The Bibas family was at home as the attack began. They sheltered together until the militants got close. In his last WhatsApp messages to his sister that morning, Yarden wrote, "They are coming in," then left the shelter in the hope that the militants wouldn't find his wife and children who remained there. Photos soon surfaced online of Yarden surrounded by a mob of Palestinians before being dragged into Gaza, his head and hands bloodied.
After taking Yarden, another group came for his wife and children. Videos and photos of Shiri Bibas surrounded by militants and looking terrified, draped in a white blanket and clutching both boys to her chest, were among the first to go viral early on the Saturday of the attack, when the world was still struggling to comprehend the scale of what was taking place.
Shiri's parents, who also lived in Nir Oz, were killed in the attack.
During happier times, the children's striking hair had been the subject of family jokes. Yarden, who is dark-haired and of Yemeni descent, used to say they were the first redheaded Yemenis.
The last known sign of life of Shiri, Ariel and Kfir came from a street camera feed that the Israeli military obtained from Khan Younis in Gaza. Taken during the Oct. 7 attacks, the footage showed Shiri being led away by militants with Ariel in her hands. The military said that they were taken to an outpost belonging to the Mujahideen Brigades, an armed group. After that, they disappeared.
Family members told Israeli media they had never seen Shiri look so terrified as in the videos of her from that day. Shiri's sister, who saw the family the night before the attack, told The Wall Street Journal in early October 2023 that she first learned about the kidnapping from the images circulating online.
In November 2023, Hamas said Shiri and the children had been killed by an Israeli airstrike. Israel has never officially confirmed their deaths or addressed the possibility they were killed by an airstrike. Israeli authorities use a strict set of forensic standards before declaring any individual hostage dead.
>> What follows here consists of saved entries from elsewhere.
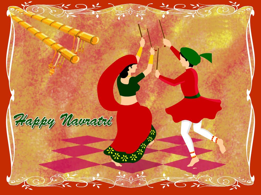 Description: A couple of women dancing on a dance floor with a banner in the background that says happy navrati.
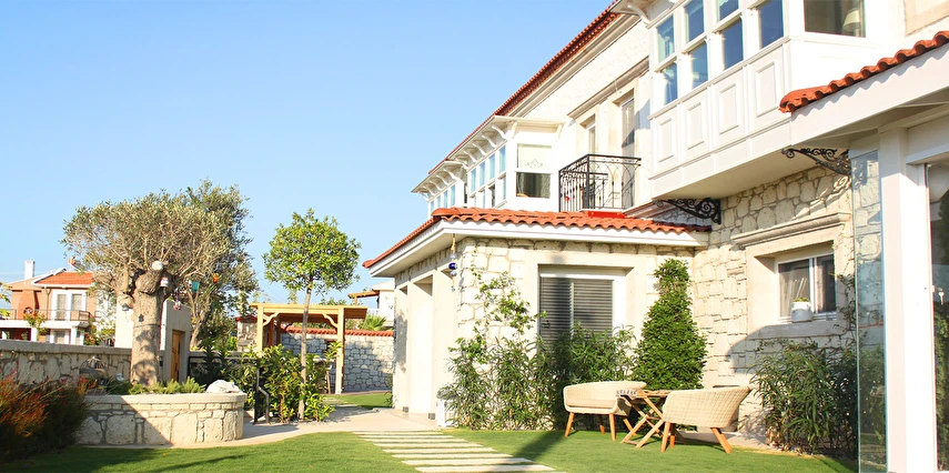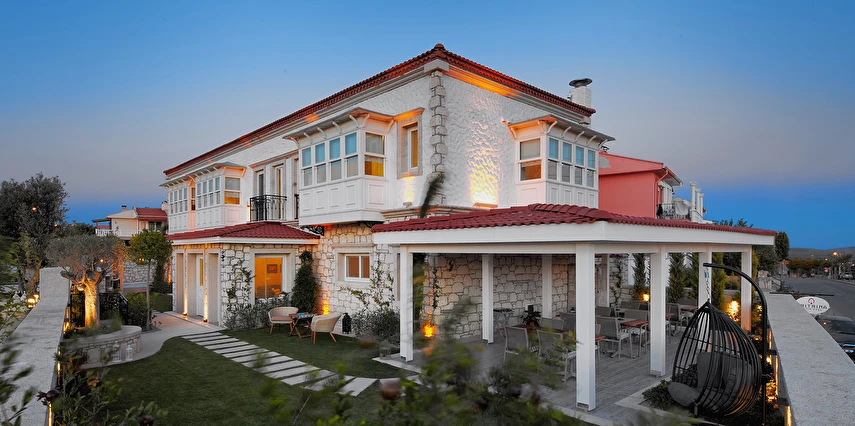 Alaçatının, koruma altındaki sakız ağaçlarıyla ünlü Sakızlar mevkiinde, tepede kurulu, sakız ağaçları ve deniz manzaralıdır.
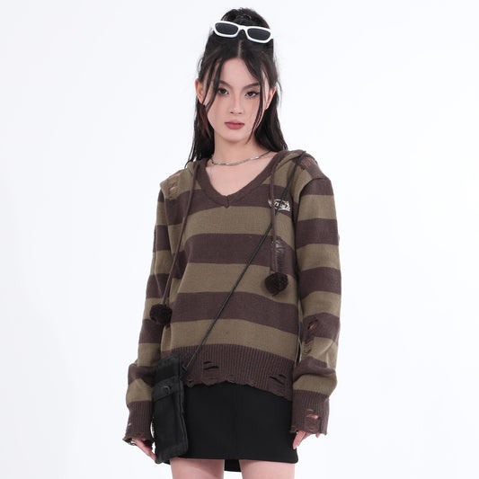 Sold outDestroyed Striped Knit Hoodie
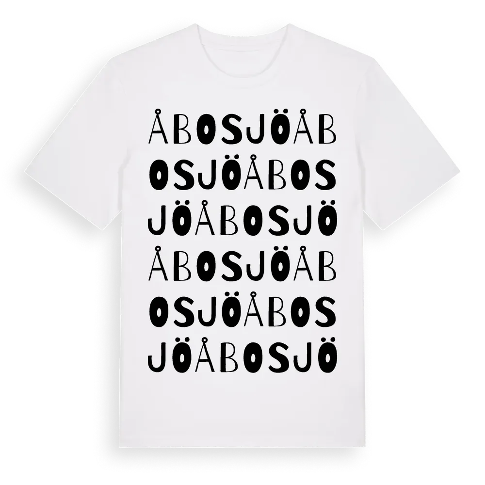 Åbosjö ordlek t-shirt är inspirerad av byn Åbosjö i Västernorrlands län, Sverige. Tröjan är designad för dig som har en speciell koppling till platsen – oavsett om du bor här, har rötterna här eller bara älskar Åbosjö.
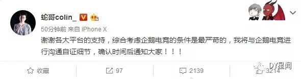 那位之前和蛇哥对接的超管在微博上透露蛇哥很可能已经签约企鹅了。
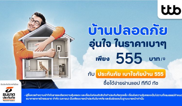 ทีเอ็มบีธนชาต หรือ ทีทีบี มุ่งยกระดับชีวิตทางการเงินของลูกค้ากลุ่มคนมีบ้านให้ดียิ่งขึ้น ตามกลยุทธ์ Home Ecosystem ที่ให้บริการครอบคลุมและเชื่อมโยงทุกด้านเกี่ยวกับเรื่องบ้าน ล่าสุด เปิดตัวผลิตภัณฑ์ “ประกันภัย เบาใจภัยบ้าน 555” เพื่อให้ลูกค้าที่เป็นเจ้าของบ้านมีแผนสำรองไว้อุ่นใจ เติมเต็มความคุ้มครองบ้านในราคาเบา ๆ ความคุ้มครองหลักแสน ด้วยเบี้ยหลักร้อย รับประกันภัยโดยบริษัท ธนชาตประกันภัย จำกัด (มหาชน) ลูกค้าซื้อได้ง่าย ๆ ด้วยตนเองผ่านแอป ทีทีบี ทัช
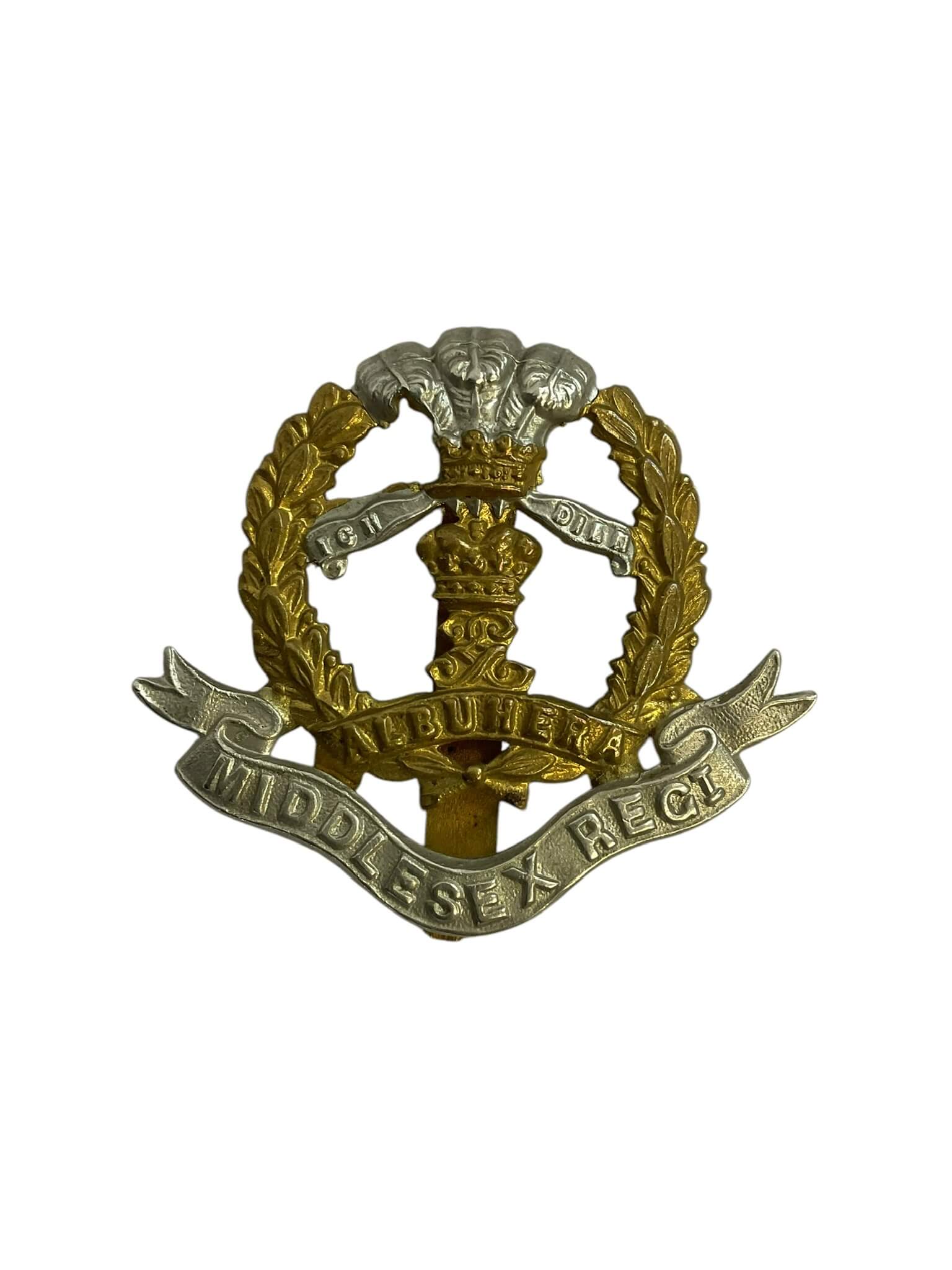 The ‘WW2 British Middlesex Regiment Cap Badge’ is a distinctive emblem of British military history. This insignia was worn by soldiers of the Middlesex Regiment during the World War II era, signifying their affiliation and dedication to this esteemed unit. The badge features intricate detailing, often fashioned from brass or other durable metals. The design typically includes the Royal Crown, symbolising loyalty to the monarchy, along with the regiment’s name and a depiction of the Middlesex Seaxes, a pair of 5th-century Saxon short swords, representing the regiment’s historical roots. This cap badge not only served as an identification marker during the war, but is now a valuable collectible, treasured for its historical significance and craftsmanship. Its possession offers a tangible connection to the courage, resilience and unity of the soldiers who served in one of the most renowned regiments of the British Army.

But Israeli officials privately came to the conclusion the family had been killed. Israeli military spokesman Daniel Hagari said last month that Israel had "grave concern" for Shiri and her children, a phrase the military often uses when referring to hostages who are later publicly determined to be dead.
Representatives of the military have met privately with the family to convey concern about their fate throughout the war, a former Israeli official with knowledge of the conversations said.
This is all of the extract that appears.